Home
Titles by the Author
Frank Norris

Frank Norris (1870-1902), American novleist, was born Benjamin Franklin Norris, Jr., his mother being Gertrude (Doggett) Norris. His birthplace was Chicago, where his father...was a wholesale jeweler. His mother...had been an actress before her marriage, and it was undoubtedly from her that Frank Norris and his younger brother, the novelist Charles G. Norris, inherited their talent. When Frank was fourteen the family moved to California for the benefit of the father's health, settling first in Oakland and a year later in San Francisco. In the latter city they lived in the Polk Street district, then a semi-slum region of small stores, which is the scene of McTeague. Frank went to a private school in Belmont, Calif., but while he was laid up by a fracture of his left arm, it was discovered that he had some gift for drawing, and in 1887 the whole family went abroad to settle him in art school, first in London and then...in Paris. There they left him for two years. He wasted much of his time in the art school, and his mind steeped in Froissart's arthurian romances, spent many hours in writing a long fantastic story centering about his own adventures, and illustrated by himself, which he sent in sections to his much younger brother. When his father discovered how his money was being used, he peremptorily ordered his son home.

Back in San Francisco, he determined to be a writer rather than an artist. He entered the University of California, but "flunked out" in mathematics and was obliged to leave. It was at the university that he discovered Zola, and became fired iwth the ambition to be the first American realist, and to treat in minute detail of the life he actually saw about him. He went to Harvard for a year...and then in 1895 sailed for South Africa as correspondent of the San Francisco Chronicle, which had already published several of his stories.
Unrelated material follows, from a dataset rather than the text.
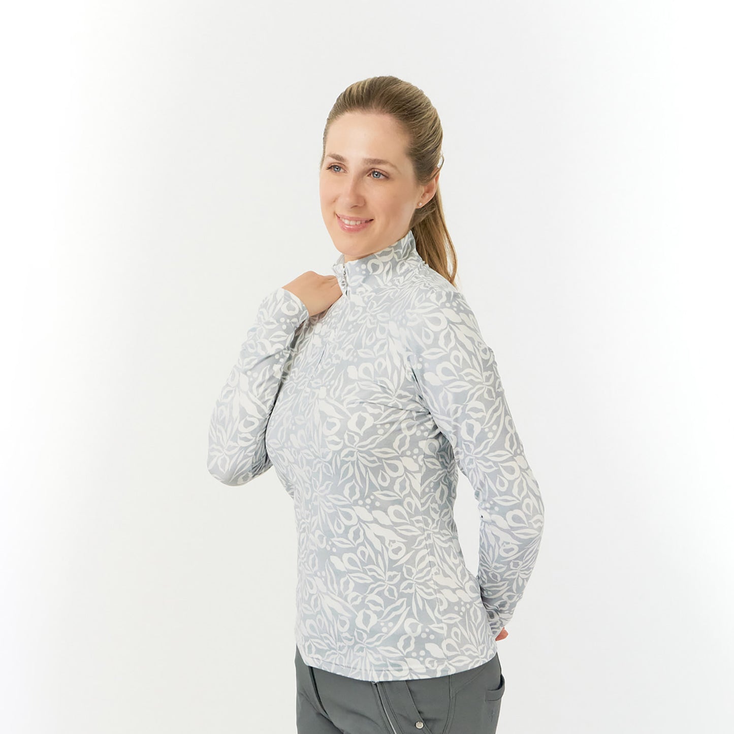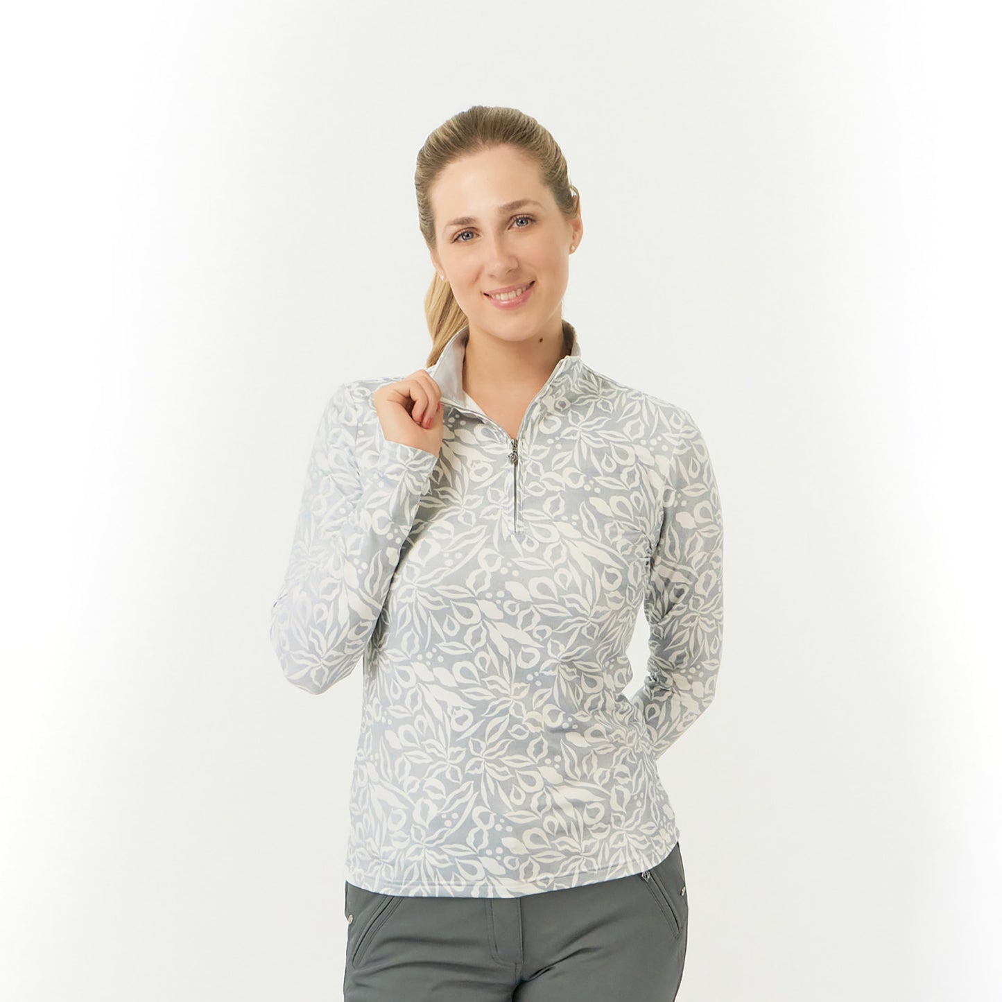 - 'Arusha' long sleeve zip neck top in 'Winter Foliage'

In Africa, Norris became associated with Sir (Dr.) Leander Starr Jameson in his raid n the Transvaal, and was captured and expelled by the Boers. Before this occurred, he had suffered a severe attack of tropical fever, which was to weaken his constitution permanently. He went back to San Francisco and became associated with the magazine, the Wave, which attracted most of the local literati. By 1898, however, he had left again for New York, where he was on the staff of McClure's Magazine in its great muckraking days. McClure's sent him to Cuba to cover the war there, and he suffered another attack of the African fever. On his return to New York he became a reader for Doubleday, Page & Co., where his most notable achievement was to insist on the publication of Dreiser's Sister Carrie, though the publishers withdrew the book almost as soon as it appeared...The Octopus, in its picture of the California farmers struggling with the encroachments of the railroad, is a far better piece of work than its sequel, The Pit. But Frank Norris' masterpiece is McTeague. It is the most purely Zolaesque novel in English, with its cold, careful study of the growing devastation wrought by miserliness on the lives of the Polk Street advertising dentist and his wife. As a motion picture, under the name of Greed, it was almost equally effective...though he was apparently on his way to greater and greater conventionality in his work. Frank Norris remains one of our great pioneer realists...He himself wrote just before he died:

"I never truckled. I never took off the hat to Fashion and held it out for pennies. I told them the truth. They liked it or they didn't like it. What had that to do with me? I told them the truth."